Challenges in Building Effective AI Agents for Bug Fixing
Building a high-performing agent for identifying bugs and working on code is challenging, requiring a sophisticated combination of [11:10:00]:
- Model selection
- System design
- Prompting strategies
- Information management and feeding to the model
- Navigation strategy
Basic agent implementations, often simple loops with shell and reporting tools, tend to have an extremely high false positive rate (e.g., 97%) [10:53:00]. This means they are not currently suitable for real-world bug finding and triaging [11:03:00].
Performance Observations
Performance comparisons on the SM-100 benchmark highlight significant room for improvement [11:35:00]:
- Needle in a Haystack: Bismouth led by finding 10 out of 100 bugs, with the next best finding 7 [11:29:00].
- True Positive Rate: CodeX showed a true positive rate of 45%, Bismouth 25%, and Claude Code 16% [11:48:00]. These agents also showed significantly less “random nonsense” in their reports [11:57:00].
- High False Reports: Agents like Devon, Cursor Agent, and Cosign reported between 900 and 1,300 items with true positive rates between 3% and 10% [12:07:00]. One agent generated an astounding 70 reports for a single issue, which is unmanageable for human engineers [14:36:00].
- PR Review: CodeX was strong at 27%, followed by Devon at 21%, and Bismouth at 17% [12:23:00]. Even the best model only found about a third of the bugs in PR review [12:44:00].
- Open-Source Models: Open-source models (R1 and Llama Maverick) showed very low true positive rates (1-2%) [13:28:00].

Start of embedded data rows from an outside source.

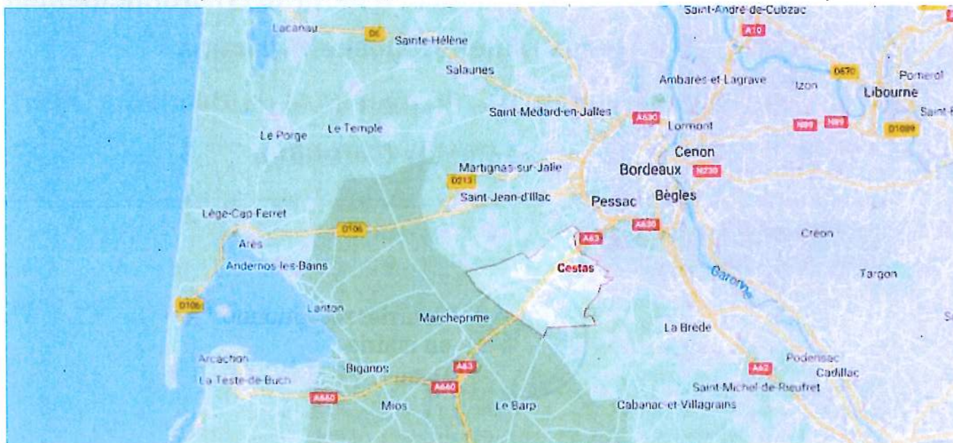
Localisation de la commune de Cestas

L'objet de la présente modification est de permettre l'extension de la zone d'activités dénommée « Pot au Pin », située à environ sept kilomètres au sud-ouest du centre-ville, à proximité immédiate de l'autoroute A63. Cette extension nécessite de reclasser les 52,8 hectares de la zone 2AUY en zone 1AUY à vocation d'activités économiques en modifiant les règlements écrit et graphique et en créant une orientation d'aménagement et de programmation (OAP).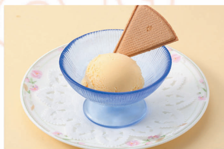
アイスクリーム 400円 (税込)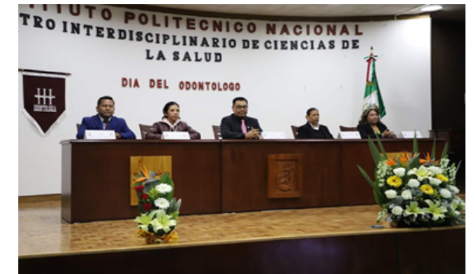
Día del Odontólogo.

En el marco de los festejos del Día del Odontólogo, el 21 de febrero se realizaron dos conferencias con ponentes nacionales de gran prestigio académico y un evento cultural teniendo una asistencia de 298 alumnos y docentes.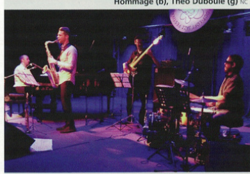
No Square Jazz Quartet CAPTURE VIDEO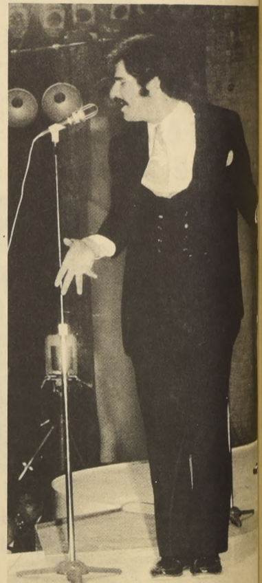
Ayer a las 21 horas en la Medialuna de Peñafiel, dicha Compañía dio un homenaje al humorista revelación del Festival de Viña del Mar.

Finalmente, en Lota hicieron una presentación de cine y tuvieron un encuentro con los artistas de la Casa de la Cultura.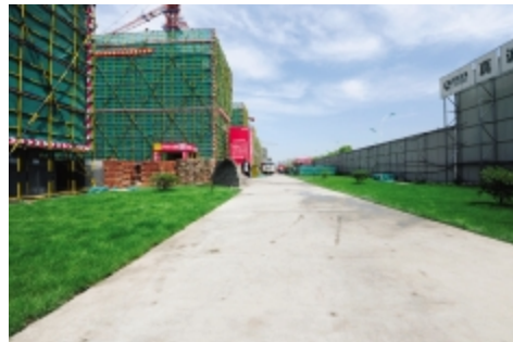
施工主干道和地表绿化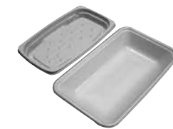
剃身などのパック

食品トレイやレトルトパック等、容器包装プラスチック類はこれまで「燃えるごみ」として出せましたが、4月からはこれらを「容器包装プラスチック」として資源分別することになりました。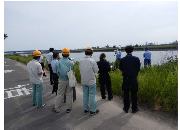
庄内川下流部での巡視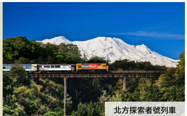
北方探索者號列車

傳承尊賞假期瑞士鐵道之旅到太平洋的奇異國度 鐵道之旅是一種獨特而令人難忘的旅行體驗。不僅提供舒適便捷的交通方式，還可以讓您沉浸在壯麗的風景中。搭乘火車您可以欣賞到無法從其他交通工具中得到的美景，感受大自然的魔力。可以結識來自世界各地的鐵道旅遊同好者，分享旅行故事和文化。最大得是從鐵道遊開始建立對環境友好，減少碳排放。選擇鐵道之旅，您將享受獨特的旅行體驗，探索新的地方，創造珍貴的回憶。無論你是否曾經到過新西蘭旅遊，這一趟 12 天的鐵道之旅，你都值得嘗試！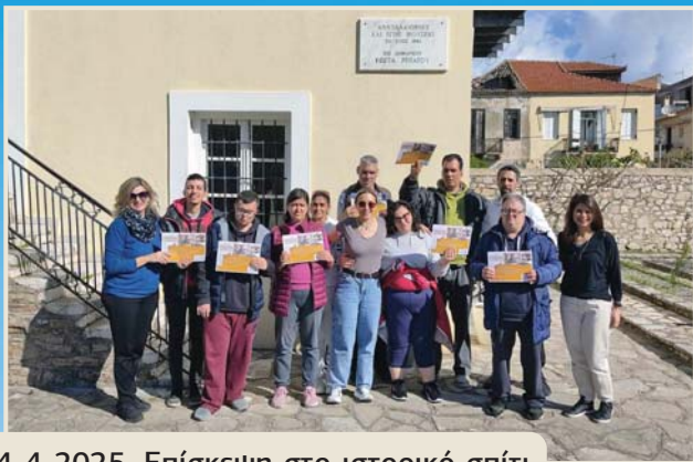
4-4-2025. Επίσκεψη στο ιστορικό σπίτι του Χαρίλαου Τρικούπη στο Μεσολόγγι.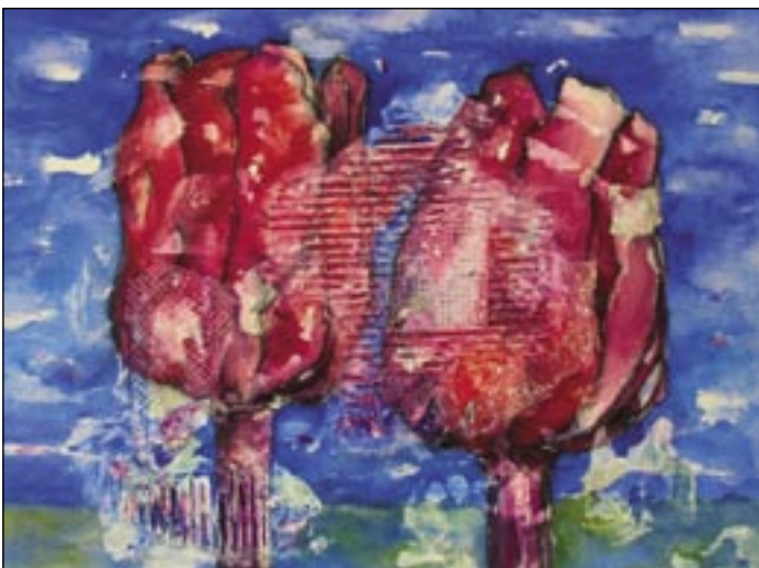
Paso 5 Finalmente, intensificar el fondo, aplicándole más azul.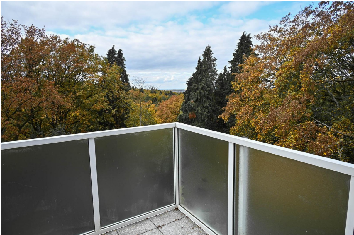
Blick vom Balkon ins Grüne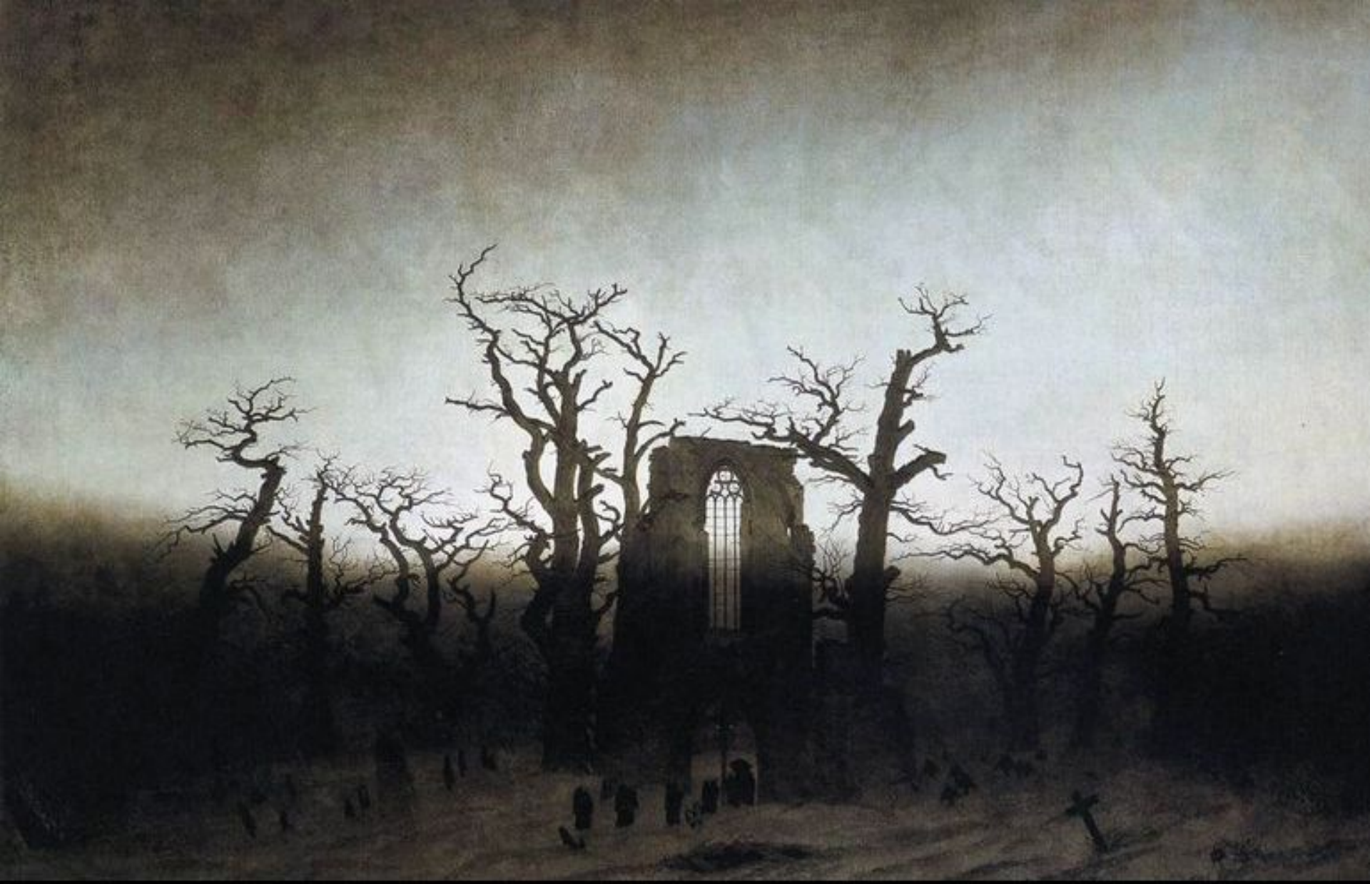
The Abbey in the Oakwood 1809_10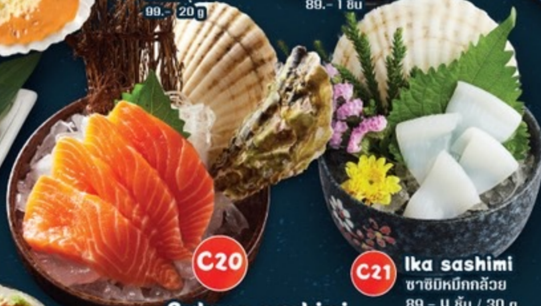
C20 Salmon sashimi ซาซิมิแซลมอน 229.- 4 ชิ้น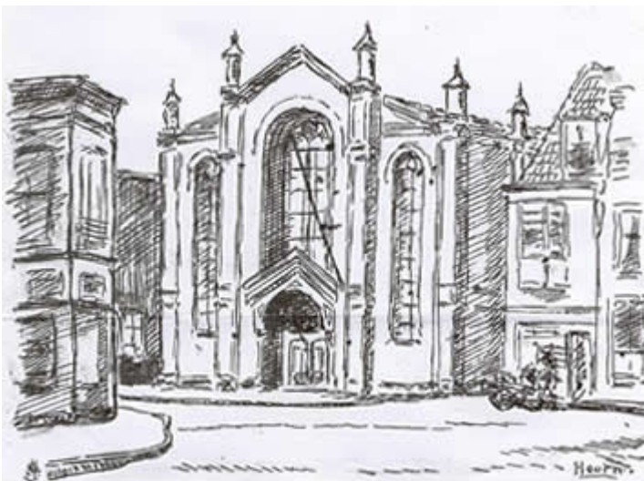
De voormalige Doopsgezinde Kerk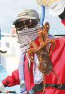
▲このサイズが多かった ▶小型はスパッと抜き上げよう

- Complex Bugs: The most widely used agents scored only 7% on SM-100, indicating they are poor at finding and fixing complex bugs [14:01:00]. Simple bugs, such as a state issue preventing a form from clearing, are often missed by most agents [14:59:00].
Common Agent Shortcomings
A notable commonality among agents is their narrow thinking, even when using “thinking models” [15:40:00]. They evaluate a limited number of avenues and do not go deep enough [15:48:00].
- Lack of Holistic Evaluation: On a per-run basis, the total number of bugs found might be consistent, but the specific bugs change, indicating that LLMs are not holistically evaluating a file and inventorying all issues [16:10:00]. This suggests inherent biases in how models process context [16:26:00].
- Maintenance vs. Feature Creation: Despite high scores on benchmarks for upfront software creation (like Sweet Eden), agents struggle significantly with managing and fixing software after deployment [16:50:00]. This problem requires targeted search, better program comprehension, cross-file reasoning, and bug pattern recognition, which are currently lacking in depth [17:09:00].
Conclusion and Future Outlook
Currently, most frequently used AI agents carry a high risk of introducing new bugs [17:44:00]. However, a new generation of agents, including Bismouth and CodeX, are starting to show increased ability to reason through code and effectively use context to evaluate concerns [17:50:00]. While their stability is nascent, the progress is encouraging [18:01:00].
The SM-100 benchmark provides a clear way to measure progress in this domain [18:05:00]. Targeted effort and different techniques can lead to significant improvements that will benefit the entire industry, particularly in software maintenance [18:11:00].